田昱也不管眾人的心思,開門見山道:「你們投的拜帖我都看過了,皆是經驗老道的講師。不過赤旗幫的學堂和尋常私塾不同,不教三綱五常,所有課業都要按照規定來講。」
這話可比剛才那句還要有殺傷性,那個鬚髮花白的老先生立刻叫道:「豈有此理,怎能連綱常都不教,這豈不是……」
「豈不是」三字出口,他猛然一驚,下面的話沒敢說出來。
田昱微微眯起來眼,替他補完了:「豈不是要犯上作亂?你覺得赤旗幫是做什麼的?」
那老頭額上的汗都出來了,兩腿抖的厲害,連身子都有些打晃了。
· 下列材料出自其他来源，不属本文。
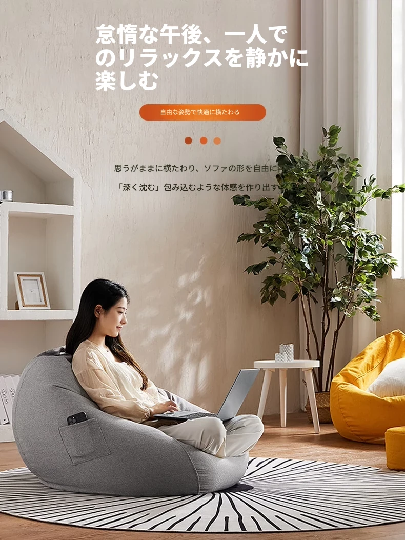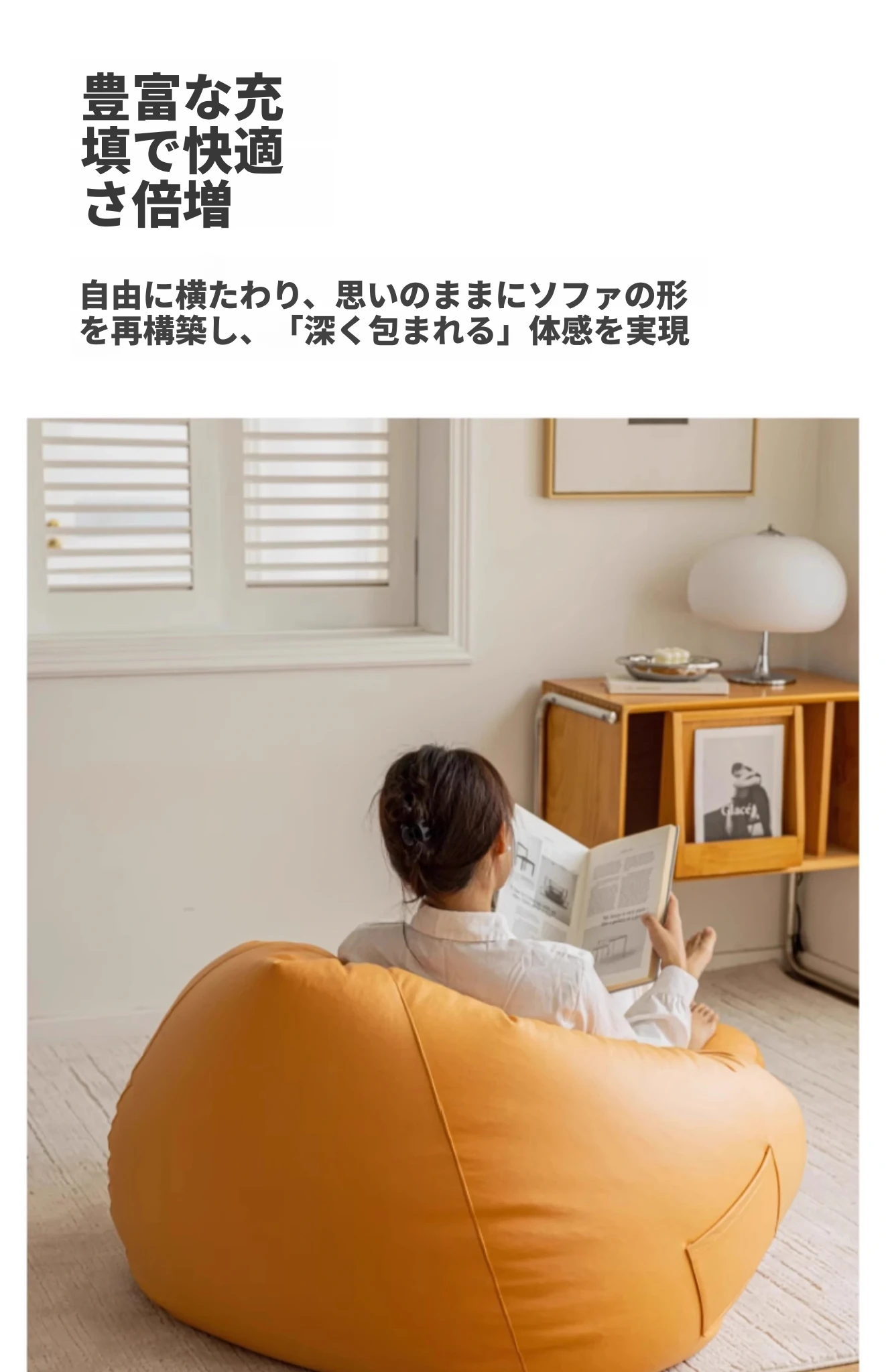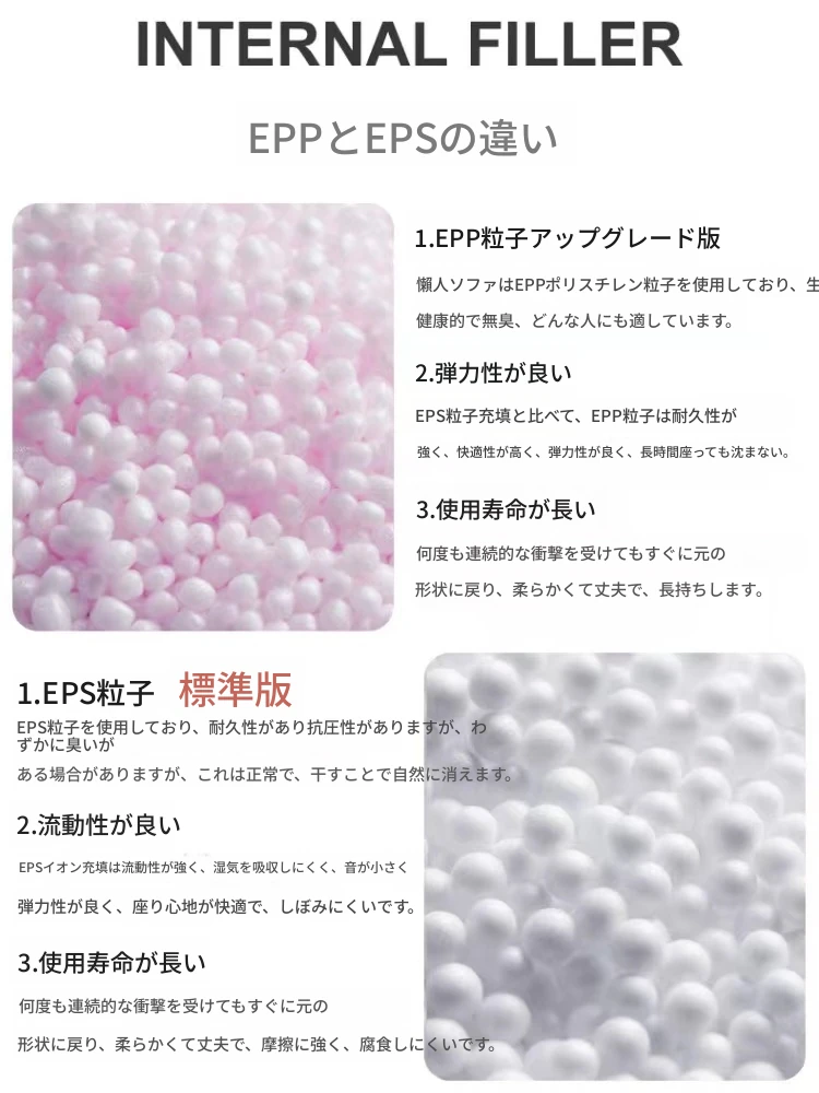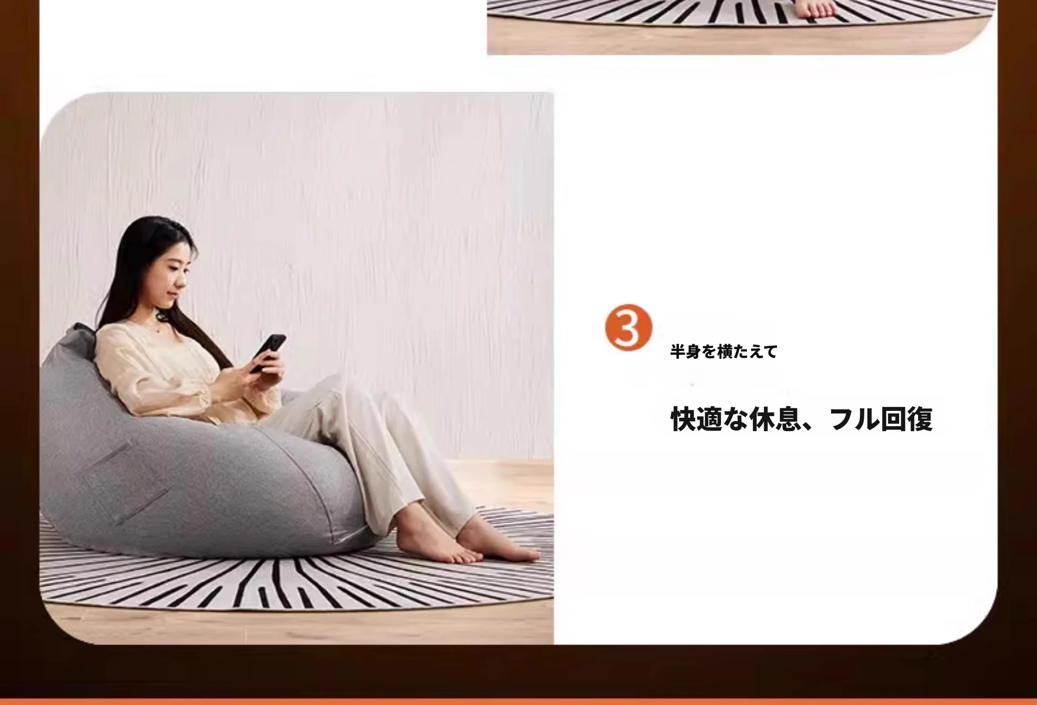 EPPリラックスソファー - 一人用、寝転び可能な豆袋型、畳やバルコニーに最適!長時間の座り心地も快適なテクノロジー布使用のカジュアルチェア。あなたのリラックスタイムをサポートします!

王秀才也嚇得乾嚥吐沫,把頭垂的極低。是啊,現在還談什麼綱常,這赤旗幫連朝廷的大軍都敢打,幫主又是個女子,哪還有君君臣臣的樣子?若教了綱常,教了倫德,還當什麼海上大豪,直接投降不就得了。
看著下面一個個噤若寒蟬,不敢吭聲的秀才,田昱冷哼一聲:「在我赤旗幫,只要教‘仁義信’三樣,講《論語》、《孟子》、詩詞史書。若是不肯幹的,自可離去。」
沒人動彈,就算心裡再怎麼不願,此刻也沒人敢做出頭鳥。王秀才倒是鬆了口氣,至少還教「仁義信」,雖說有些失「禮」,倒也沒太違揹人倫。
然而心剛剛放下點,就聽臺上人道:「既然你們都知曉了學堂裡要教的東西,就以‘仁義信’為題,寫一篇時文吧。兩個時辰為限,字數不拘,到時間必須交卷。」
話音一落,不知多少人面面相覷。王秀才是真傻了,從沒見過考校教書先生,還要用時文評判的,還是這麼刁鑽的題目!五常都缺二,更不能提及三綱,那恐怕也沒法講忠孝了,多少套話都沒法用上。而且考校他們的可不是什麼朝廷,而是海上大豪的僚屬,又該如何奉迎,還不被套進「逆賊」的筐子裡呢?
好歹都是讀過十來年書的人,不止王秀才,其他人也是面色煞白,提筆維艱。要是有急智,有長才,怕不是早就有好去處了,哪會淪落至此?再說了,主考官可是進士出身,學識本領必然力壓眾人,就算寫出了文章,人家能不能看上眼呢?
見一群人神情,田昱不緊不慢的加了一句:「只要能入學堂,每年二十兩薪俸,包食宿衣衫,有年節貼補,還有能接來妻兒,在赤旗幫安家。若是教的好,也能升職漲薪。」
這句話,每一個字都敲在了眾人心底,王秀才再不遲疑,立刻提手磨墨,在胸中打起了腹稿。赤旗幫的要求是怪了點,但是錢給的也真多啊!只要能留下來,他就能養家餬口,照料妻兒了,絕不能放過這機會!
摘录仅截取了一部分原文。